能力不足を理由に会社をクビにすると言われた場合や能力不足を理由に解雇された場合にどうすれば良いか知りたいのではないでしょうか。会社が能力不足を理由に従業員を解雇するためには、客観的に合理的な理由と社会通念上相当であることが求められ、解雇権の濫用と判断されれば解雇は無効になります。(労働契約法 第16条)
この記事では、能力不足を理由に解雇できるのか、能力不足を理由に解雇すると言われた場合にどうすれば良いか、能力不足を理由として解雇された場合どうすれば良いかについて解説します。

能力不足を理由に解雇できるのか

能力が不足しているという理由だけで会社が従業員を解雇すると、解雇権の濫用と判断され解雇が無効になる可能性があります。(労働契約法 第16条)

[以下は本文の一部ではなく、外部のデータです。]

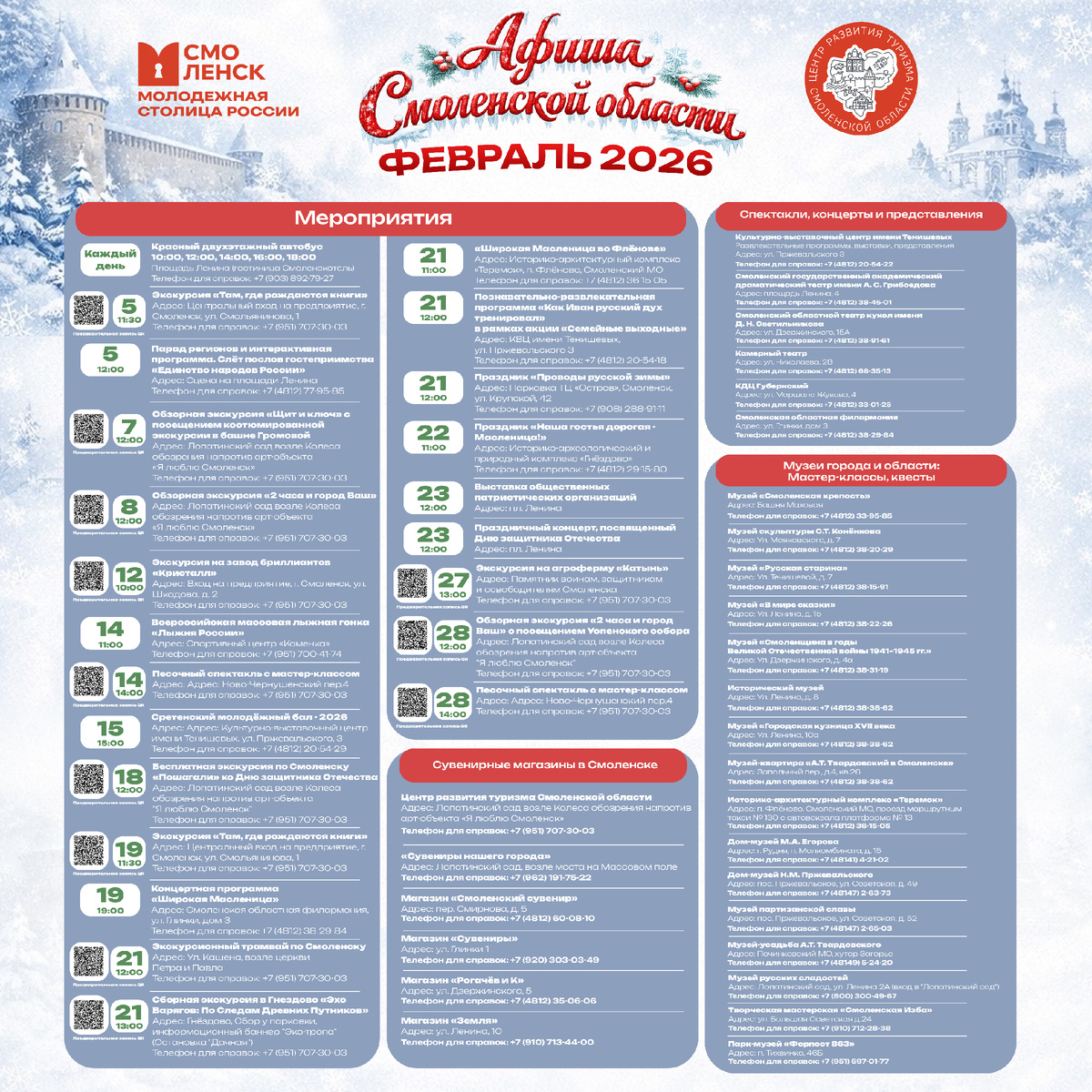 Сохраняйте афишу, делитесь с друзьями и планируйте выходные заранее - зима в Смоленске может быть очень насыщенной

解雇には客観的に合理的な理由と社会通念上相当であることが求められる

会社が労働者の解雇する権利は、民法第627条1項で定められています。

当事者が雇用の期間を定めなかったときは、各当事者は、いつでも解約の申入れをすることができる。この場合において、雇用は、解約の申入れの日から二週間を経過することによって終了する。

引用:民法第627条1項

ただし、解雇権の濫用と判断された場合には、解雇が無効になります。

解雇は、客観的に合理的な理由を欠き、社会通念上相当であると認められない場合は、その権利を濫用したものとして、無効とする。

引用:労働契約法 第16条

労働者保護の観点から、会社が従業員をみだりに解雇しないように労働契約法第16条が定められているわけです。

能力不足を理由とした解雇の場合でも、客観的に合理的な理由ではなく、社会通念上相当ではないと判断されれば、解雇は無効になります。他の従業員と比べて能力が低い、期待した業績が出せていないといった能力不足で解雇した場合は、解雇権の濫用として解雇が無効になる可能性があります。

能力不足による解雇が不当解雇と判断された裁判例

セガ・エンタープライゼス事件(東京地決1999年10月15日)では、労働能率が劣り、向上の見込みがないなどの理由による解雇が無効になっています。

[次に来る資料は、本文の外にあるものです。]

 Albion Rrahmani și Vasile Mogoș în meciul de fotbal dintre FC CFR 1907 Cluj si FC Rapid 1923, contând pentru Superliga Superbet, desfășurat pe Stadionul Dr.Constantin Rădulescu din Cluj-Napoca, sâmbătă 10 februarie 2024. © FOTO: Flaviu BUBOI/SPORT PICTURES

会社の人事考課で該当する従業員が下位10%であったことは、直ちに労働能率が著しく劣り、向上の見込みがないとまでいうことはできないと判断されています。人事考課で下位10%というのは相対的な評価であり、絶対的な評価ではないことが理由となっています。また、労働能率の向上を図る余地があったにもかかわらず、指導、教育が行われていなかったことも解雇権の濫用と判断された要因のひとつです。

能力不足による解雇が認められるのはどのようなときか

過去の判例によれば、能力不足で解雇が認められるのは、以下の要件を満たす場合のようです。

  • 著しく成績が不良である
  • 公正な評価がされている
  • 能力不足を改善する余地がない
  • 能力不足により業務に支障が出ている

  • 三井リース事件(東京地決1994年11月10日)においては、非能率、組織不適応、労働意欲の欠如などを理由とする解雇が有効となっています。
    会社は労働者の能力や適性を判断するために配置転換を行っており、労働者が希望する部署への配属を指示した後に、日常業務を免除し研修する機会を与えたものの、能力や適正が不足しており、業務遂行に対する基本的姿勢に問題があると評価されたため、解雇は妥当であると判断されています。

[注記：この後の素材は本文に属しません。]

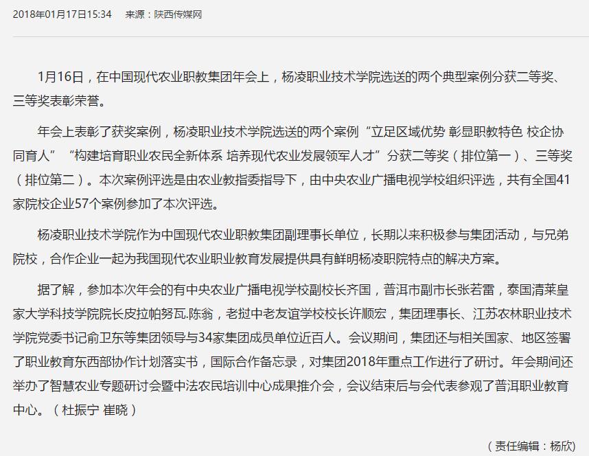 年会上表彰了获奖案例,杨凌职业技术学院选送的两个案例“立足区域优势 彰显职教特色 校企协同育人”“构建培育职业农民全新体系 培养现代农业发展领军人才”分获二等奖(排位第一)、三等奖(排位第二)。本次案例评选是由农业教指委指导下,由中央农业广播电视学校组织评选,共有全国41家院校企业57个案例参加了本次评选。

    能力不足を理由に解雇すると言われた場合にどうすれば良いか

    能力不足を理由に解雇すると言われた場合は、解雇予告通知書と解雇理由証明書を請求しましょう。また、退職勧奨ではないかを確認しましょう。

    解雇予告通知書と解雇理由証明書を請求する

    会社が従業員を解雇する場合は、少なくとも30日前に解雇の予告を行う必要があります。また、30日前に予告をしない場合には30日分以上の平均賃金を支払わなければいけません。(労働基準法第20条)

    解雇予告通知書には、解雇予告をした日や解雇日、解雇理由が書かれています。自分がいつ解雇されるのかを確認するために解雇予告通知書を請求しておきましょう。

    また、自分がどのような理由で解雇されるのかを確認するために、解雇理由証明書を請求しておきましょう。解雇理由証明書には、解雇される理由が具体的に書かれているので、能力不足で解雇されることが不当解雇ではないかを判断しやすくなります。

    解雇理由証明書は、解雇予告日から退職日の間に請求した場合は、すぐに受け取れます。(労働基準法22条2項)

    解雇ではなく退職勧奨ではないかを確認する

    退職勧奨とは、会社が退職してもらいたい従業員に対して、自主的な退職を促す行為です。退職勧奨で退職する場合は、会社と労働者が合意のうえで契約を解除することになります。会社から一方的に契約の解除を要求する解雇とは異なります。

    能力不足で会社をクビにすると言われた場合は、解雇ではなく退職勧奨であることも考えられます。会社が従業員を能力不足で解雇することは簡単ではないからです。退職勧奨には強制力がなく、自分の意思に反して応じる必要はありません。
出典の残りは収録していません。